Take for example the patient who presents with “recent weight loss”, even though their recorded weight is exactly the same as it was 6 months ago.
…or the patient who “bounds” into the surgery, looking far healthier than the doctor will ever be, and then complains of “tiredness”.
…or the patient who has diagnosed themselves with “Chronic Lyme Disease” on the internet, even though they have never travelled to an area endemic for Lyme disease.
The temptation for the clinician in such cases above is to order a whole battery of tests in order to prove to, or reassure the patient that they have no organic pathology.
The patient then leaves the clinic with a whole list of (often expensive) laboratory investigations, and thinks to themselves;
“Wow, look at how many tests I am getting. The doctor must be worried for me. I really must be sick!”

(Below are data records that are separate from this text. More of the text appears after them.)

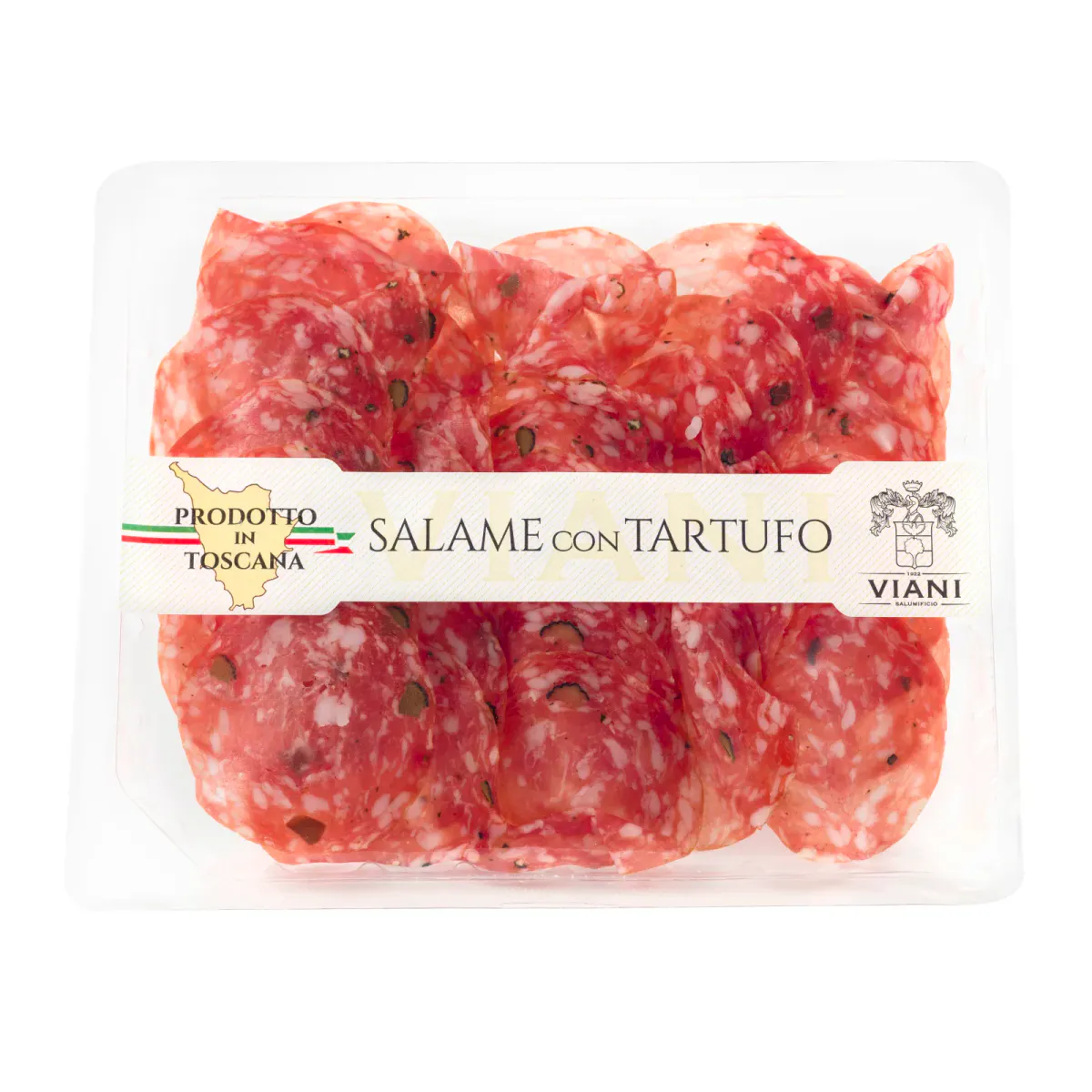 Klassisk toscansk salami med sort sommertrøffel. Denne egner seg godt på skiva, tapasbordet eller i en solid sandwich.
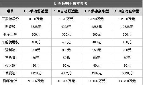 一、购车成本,伊兰特1.6的排量性价比较好,1.8排量车型不仅购置税没有优惠,而且裸车的费用高出1.6很多。其中1.6手动舒适型和1.6手动豪华型更适合家庭用户选购。
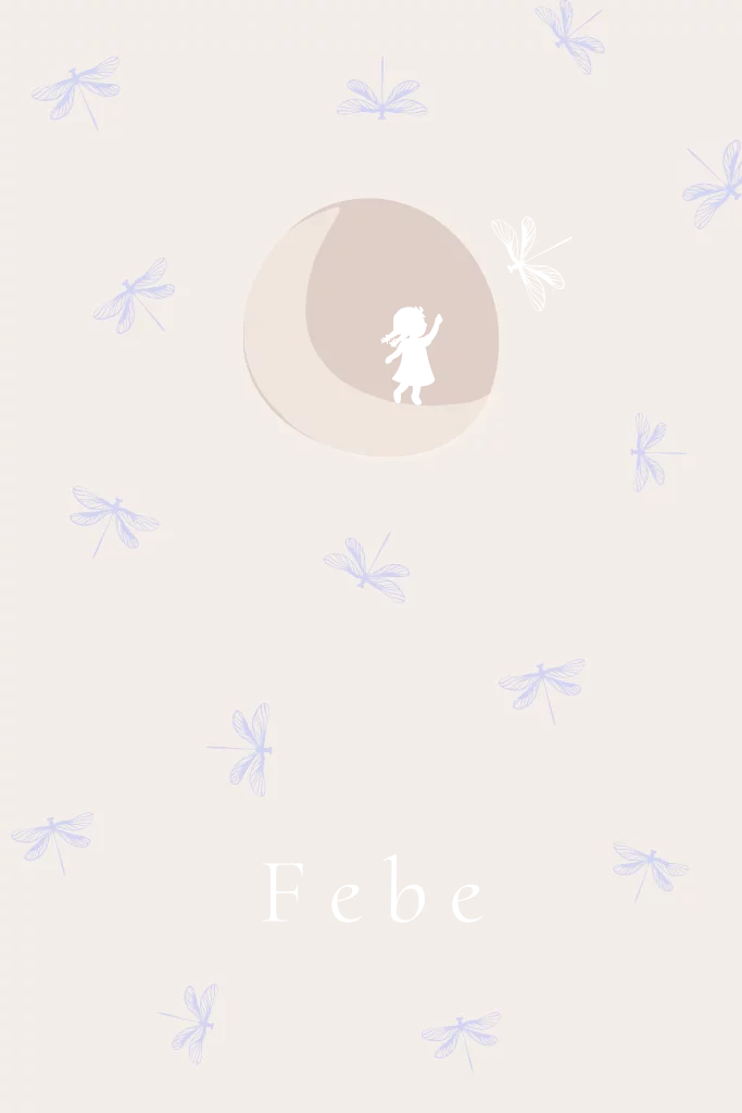 Een lief geboortekaartje met een meisje wat op de maan staat, libelles die rond de maan vliegen en subtiele sterren (stipjes). De babynaam, sterren en 1 libelle worden gedrukt in goudfolie. Je kunt altijd de kleuren aanpassen in de handige editor. Heb je vragen of wil je de kaart in een ander formaat? Stuur gerust een berichtje, ik help je graag!
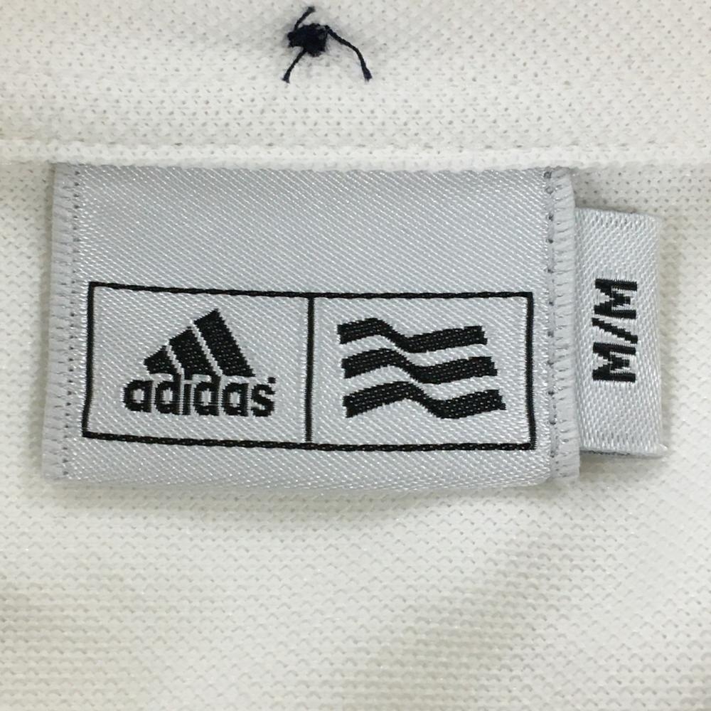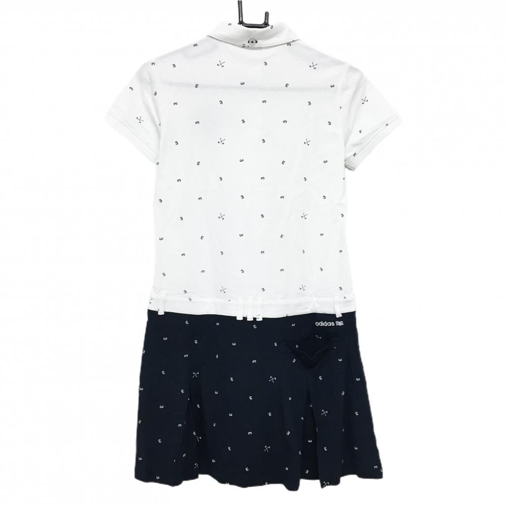 アディダス 半袖ポロワンピース 白×ネイビー 総柄 ボタンダウン レディース M/M ゴルフウェア adidas

And thus the cycle goes on. The tests come back negative, but the sick role is now reinforced. The patient then often comes back for more, or goes off elsewhere to seek a second opinion…
Worse still, if enough tests are performed, then one will eventually come back falsely equivocal or positive, confusing the issue even further for the clinician. And the positive reinforcement of the sick role in the patient has just gone through the roof!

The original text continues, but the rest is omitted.